◆ **Your assignment**
Write out the listing below in full and exactly, leaving out every picture.

◆ **Dataset content**

※

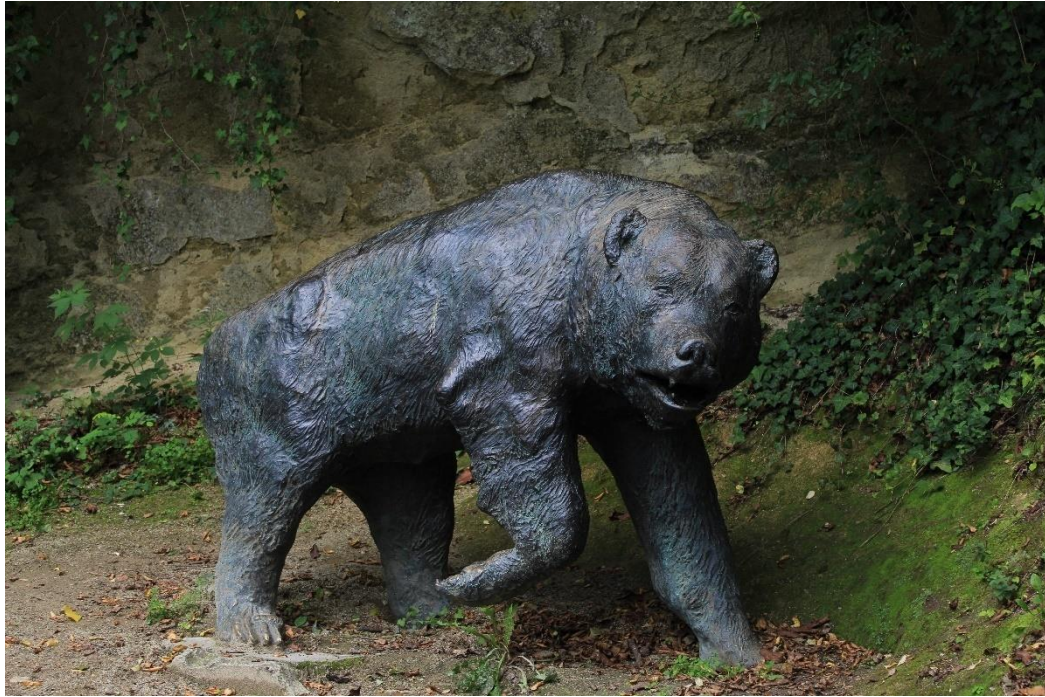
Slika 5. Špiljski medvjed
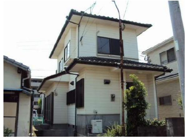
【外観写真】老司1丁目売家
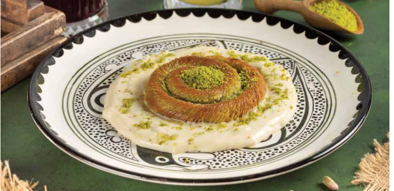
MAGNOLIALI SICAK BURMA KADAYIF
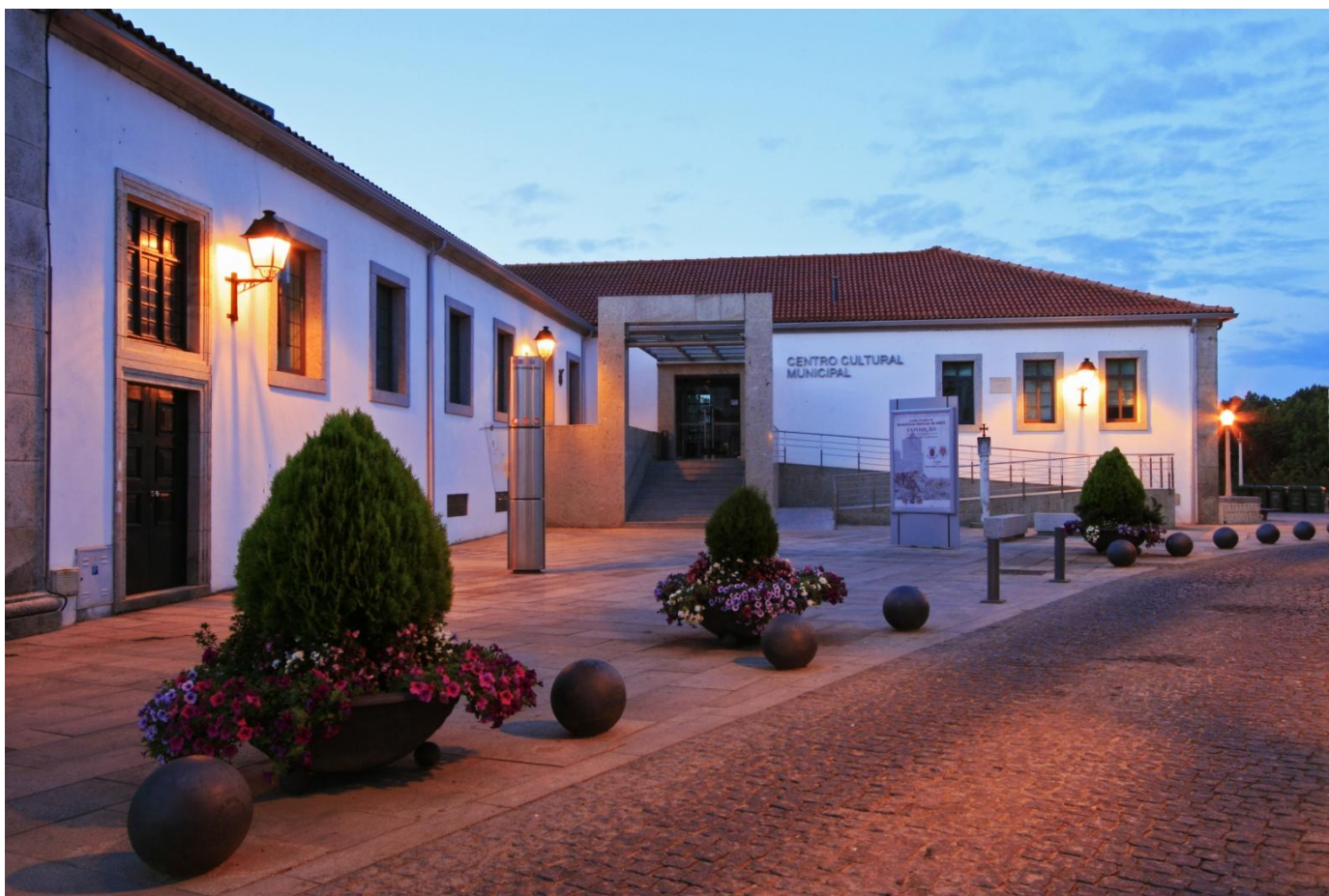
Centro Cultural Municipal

※

◆ **Task answer**
Slika 5. Špiljski medvjed
【外観写真】老司1丁目売家
MAGNOLIALI SICAK BURMA KADAYIF
Centro Cultural Municipal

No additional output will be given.